Cross-posted from Eric Lee
This article appears in German in Jungle World with the headline “Per SMS zum Arbeitskampf”.
In early November, Ofer Eini announced the end of his 8-year stint as the head of Israel’s national trade union center, the Histadrut.
The end of the “Eini era” is a good moment to reflect upon some of the extraordinary successes the Histadrut has had in the last couple of years, particularly in organizing workers previously thought of as “unorganizable”.
That these successes are largely unknown outside of Israel is due to the blind hostility shown by some trade unionists to the Jewish state – a hostility that extends to the Israeli trade union movement.
The Histadrut has made extraordinary progress in its organizing campaigns recently by using audacious tactics in the workplace, getting labour laws changed, and using new technology effectively.
The result has been that unlike unions in many other industrialized countries, the Israeli labour movement is growing.
They began the year with union recognition at the mobile phone carrier Pelephone. This victory followed four months of struggle that culminated in a historic decision by Israel’s national labour court which ruled that an employer cannot intervene in the right of its employees to form a union.
They repeated this success in April with Cellcom, another large mobile phone carrier. Hundreds of new members were signed up, initially in a secret campaign and then openly.
Cellular telephone companies have been very difficult targets for unions in some other countries, as evidenced by the campaigns being waged by American unions to organize German-owned T-Mobile, or the struggle Britain’s unions have had with Virgin Media.
The Histadrut’s successes were not confined to the high-tech sector.
In June, the Histadrut’s youth arm announced that it recruited over 7,000 young workers at McDonald’s. In most countries, unions struggle to successfully organize McDonald’s workers – or workers in any other fast food chain.
In late October, the Histadrut announced a “lightning campaign” to sign up one third of the employees of Migdal Insurance on a single day. The campaign followed on the successful unionization earlier this year of Clal insurance. One reporter said the organizing drive “began to acquire the form of a full-scale military campaign.”

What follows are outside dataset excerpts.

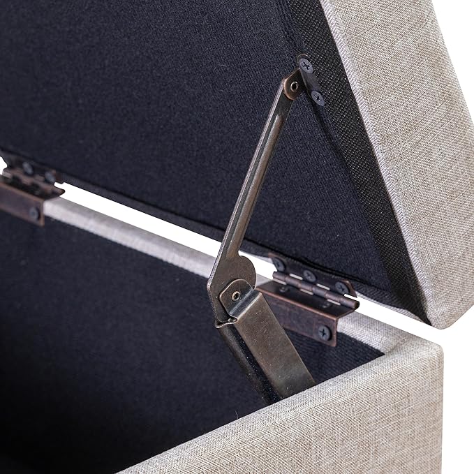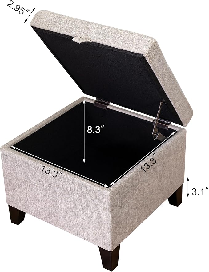 Adeco 18 Inch High Cube Ottoman Storage, Linen Chair Foot Stools, Upholstered Vanity Stool with Hinged Lid, Solid Wood Legs (Beige Grey)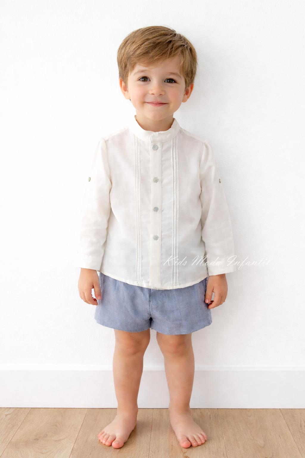 Conjunto ceremonia y arras para niño con camisa lino blanco roto con botonadura delantera, jaretas delanteras y botones anacarados, cuello Mao y a juego bermuda de lino azul empolvado. Precioso conjunto niño arras y ceremonia de camisa manga larga, pantalón corto bermuda.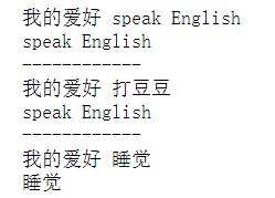hobby = "speak English" # 全局变量 def my_hobby(): print("我的爱好",hobby) my_hobby() print(hobby) print("------------") def my_hobby(): hobby = "打豆豆" # 局部变量 print("我的爱好",hobby) my_hobby() # 函数里面的打豆豆 print(hobby) # 还是speak English print("------------") def my_hobby(): global hobby # global 后变成全局变量,作用域所有程序 hobby = "睡觉" print("我的爱好",hobby) my_hobby() print(hobby)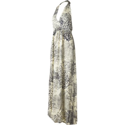 Quiksilver women's "coral fan halter dress" crinkle rayon hoffman print maxi dress with open back and tie halter details. 58" hps body length.

“There is no place where we are not active. We came organized and with the goal of winning,” a Histadrut source said. “D-Day was set for today, and all Migdal employees received an SMS and link to a website to join the Histadrut digitally … Activists from the union and employees are distributing brochures as we speak, calling on the employees to enter the special Facebook page set up for the unionization.”
At the same time, the Histadrut launched a 6.5 million shekel (1.36 million Euro) television ad campaign to promote union membership.
The Manufacturers’ Association condemned the planned ad campaign as “wretched timing” — not specifying when precisely was a good time, in their view, to promote union membership.
But Ofer Eini defended the plan: “It is precisely at this time that unionization of employees is needed, especially at a time of vilification of organized labor.”
Few unions outside of Israel will be aware of any of these successes in part because of the reluctance to engage with the Jewish state.
But another problem is that the Histadrut itself makes almost no effort to share its successes with the outside world, and instead focusses its very limited international activity at attempting to block anti-Israel resolutions at union congresses.
It’s very rare for a Histadrut representative at international trade union events to speak about anything other than the conflict with the Palestinians. But when they do – as happened at a global food workers congress in 2011 – they may find themselves facing an audience that is far less hostile.